Obrigado pelo teu post! Está muito bom...e fiquei a saber coisas que desconhecia. Mas gostei particularmente da componente política do post do macaco adriano, mais do que o exemplo Irlanda...que tão bem conheces! O que é um facto é que as medidas que o governo Sócrates está a tomar vem somente seguir uma linha de política préviamente criticada por si e pelo seu partido e que havia sido adoptada pelos governos PSD-PP. E refiro, é uma política necessária!

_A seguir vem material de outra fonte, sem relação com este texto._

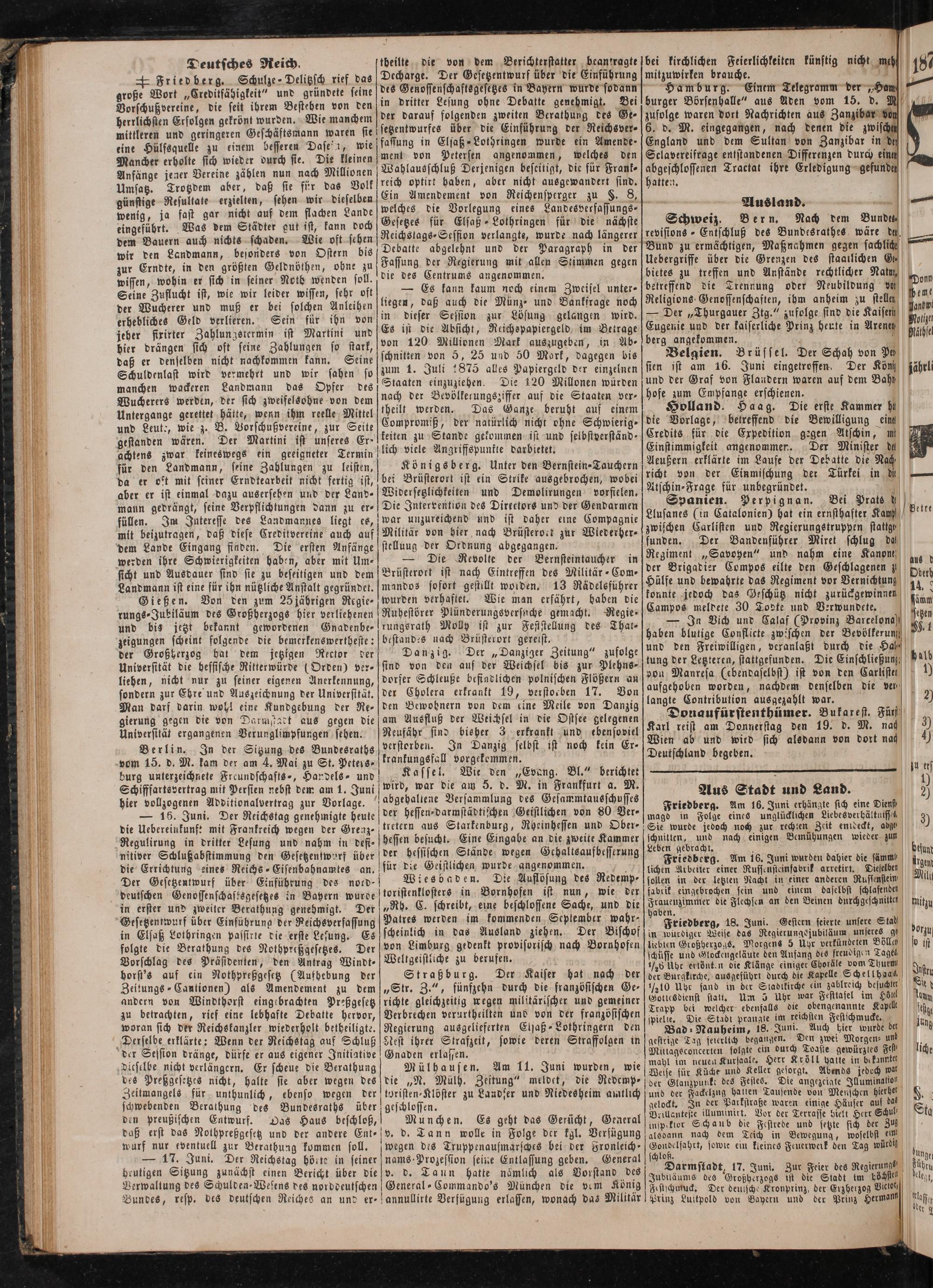 hatten. a Ausland.—— Schweiz. Bern. Nach dem Bunde, revistons Entschluß des Bundesrathes wäre da, Bund zu ermächtigen, Maßnahmen gegen ele Uebergriffe über die Grenzen des staailichen G bietes zu treffen und Anstände rechtlicher Natu, Donn betreffend die Trennung oder Neubildung 0 f 761 Religions Genossenschaften, ihm anheim zu stelleg bub — Der„Thurgauer Ztg.“ zufolge sind die Kaisenn age Eugenie und der kaiserliche Prinz heute in Arenen 11 berg angekommen. 5 Belgien. Brüssel. Der Schah von Po). sien ist am 16. Juni eingetroffen. Der Kön jährl. und der Graf von Flandern waren auf dem Bahy hofe zum Empfange erschienen. 1 Holland. Haag. Die erste Kammer h die Vorlage, betreffend die Bewilligung eint Credits für die Expedition gegen Atschin, W Einstimmigkeit angenommen. Der Minister da Aeußern erklärte im Laufe der Debatte die Nach richt von der Einmischung der Türkei in 1“ Atschin⸗Frage für unbegründet. 7 Spanien. Perpignan. Bei Prats d i Llusanes(in Catalonien) hat ein ernsthafter Kan, Petr zwischen Carlisten und Regierungstruppen statige funden. Der Bandenführer Miret schlug daß Regiment„Savoyen“ und nahm eine Kanont la der Brigadier Compos eilte den Geschlagenen Obel Hülfe und bewahrte das Regiment vor Vernichtung 14. konnte jedoch das Geschütz nicht zurückgewinnen Rau Campos meldete 30 Todte und Verwundete. legen — In Vich und Calaf(Provinz Barcelonaff 95.1 haben blutige Conflicte zwischen der Beraten. und den Freiwilligen, veranlaßt durch die Hal tung der Letzteren, stattgefunden. Die Einschließung bald von Manresa(ebendaselbst) ist von den CarlisteI“ 1 aufgehoben worden, nachdem denselben die ven“ langte Contribution ausgezahlt war. 5 2 Donaufürstenthümer. Bukarest. Fü, Karl reist am Donnerstag den 19. d. M. nac 0) Wien ab und wird sich alsdann von dort na. 0 Deutschland begeben. zu ers l 0 Aus Stadt und Land. 111.5 Friedberg. Am 16. Juni erhängte sich eine Dien, magd in Folge eines unglücklichen Liebesverhältnisse 9) Sie wurde jedoch noch zur rechten Zeit enideckt, abe schnitten, und nach einigen Bemühungen wieder zun Leben gebracht. 8 i biesun Friedberg. Am 16. Juni wurden dahier die sämmt sigen lichen Arbeiter einer Russensteinfabrik arretirt. Dieselben Mil sollen in der letzten Nacht in einer anderen Russenstein⸗ ili fabrik eingebrochen sein und einem daselbst schlafenden Frauenzimmer die Flechsen an den Beinen durchgeschnittel mitzu aben. 5 5 Friedberg, 18. Juni. Gestern feierte unsere Sta“ 5 in würdiger Weise das Regierungsjubiläum unseres 9“ ou liebten Großherzogs. Morgens 5 Uhr verkündeten Bölley so ist schüsse und Glockengeläute den Anfang des freudigen Taget ½6 Uhr erlönten die Klänge einiger Choräle vom Thurm IN der Burgkirche, ausgeführt durch die Kapelle Schellhaath 9 U ½z10 Uhr sand in der Stadtkirche ein zablreich besuchee Skt Gollesdienst statt. Um 5 Uhr war Festtasel im Hol un Trapp bei welcher ebenfalls die obengenannte Kapill fed spielie. Die Stadt prangte im reichsten Fesischmucke. jun Bad Nauheim, 18. Juni. Auch hier wurde de 0 gestrige Tag feierlich begangen. Den zwei Morgen⸗ und 5 Mittagsconcerten folgte ein durch Toaste gewürzles Fesn licht mahl im neuen Kursaale. Herr Kröll yatte in bekanntes Weise für Küche und Keller gesorgt. Abends jedoch wal der Glanzpunkt des Festes. Die angezeigte Illuminaliol und der Fackelzug hallen Tausende von Menschen hierhet g. N gelockt. In der Parkstraße waren einige Häuser auf das S f Brüllanteste illuminirt. Vor der Terrasse hielt Herr Schul⸗ ta inspeklor Schaub die Festrede und setzte sich der A 0 alsdann nach dem Teich in Bewegung, woselbst eim e sowie ein kleines Feuerwerk den Tag würdil lun chloß. ungen Darmstadt, 17. Juni. Zur Feier des Regierung“ ubm Jubiläums des Großherzogs ist die Stadt im höchstel delegt Fesischmuck. Der deulsche Kronprinz, der Erzherzog Victoh Prinz Luitpold von Bayern und der Prinz Herman ste

De resto, concordo contigo!

Mac Adame said...

E se calhar a Irlanda, para sair da crise, não tinha ministros que contratavam filhas para manter uma página da internet a troco de milhares de euros por mês, nem tinha administradores nem presidentes como o do Banco de Portugal, que ganham mais do que o Presidente da Reserva Federal dos Estados Unidos e não tinha muito mais coisas que aqui aqueles que nos lixam a vida todos os dias têm. Quando sabemos de todos estes truques que o governo usa para enriquecer os seus membros, familiares e amigos enquanto nos obriga a viver cada vez pior, e mesmo assim o apoiamos, das duas uma: ou somos atrasados mentais ou também somos amigos deles e, por isso, também andamos a mamar.